Abstract

Introduction: Brain imaging is a key step in the clinical evaluation of ischemic stroke, with Diffusion Weighted Magnetic Resonance (DWI) being a key imaging modality, as it allows for assessment of extent of acute ischemic brain injury. Manual delineation of stroke regions is expensive, time-consuming, and subject to inter-rater variability. In this study, we develop a deep learning approach for ischemic stroke volumetric segmentation in a large clinical dataset of 1,239 patients from the NIH-funded Heart-Brain Interactions in Human Acute Ischemic Stroke Study utilizing only DWI imaging.

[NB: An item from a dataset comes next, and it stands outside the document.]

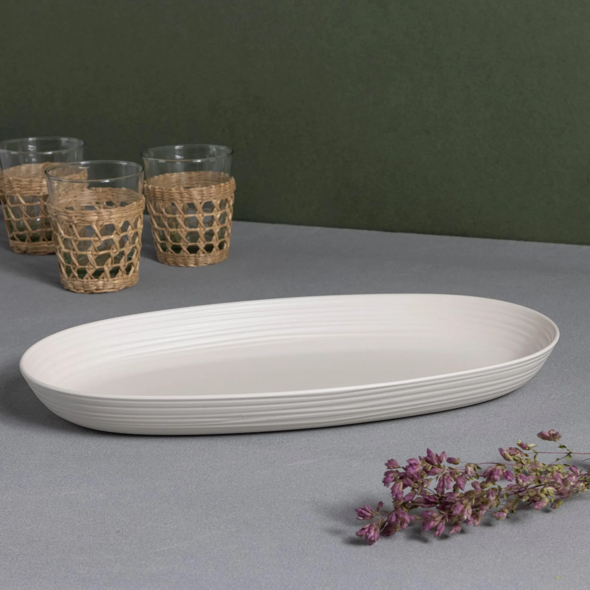Tierra collection serving tray, made entirely by recycling 13,5 post-consumer PET water bottles, symbolizing a revolution in terms of material and style. The intentionally uneven circular decorations confer a strikingly resonant hand-made look.

Hypothesis: Deep learning can be used to automatically calculate stroke volumes in high agreement with manual human expert segmentations. Methods: The patients were randomly divided into Training (n = 743), Validation (n=248), and Testing (n=248). We implemented the 3D U-Net neural network architecture. Additionally, we modified the 3D U-Net by incorporating incorporate state-of-the-art components that have improved neural network architectures for classification tasks, namely residual connections, inception modules, dense connections, and squeeze-and-excitation modules. Results: The best performing individual model was the Inception U-Net, which had a median dice similarity coefficient of 0.720 (0.011-0.920) within the Testing Set. In comparing manually and automatically derived infarct volumes, the Intraclass Correlation Coefficient was 0.974 (p<.0001) in the Testing Set. Conclusions: Our fully-automatic pipeline for stroke segmentation demonstrates the potential for deep learning-based tools to automate ischemic stroke volumetrics.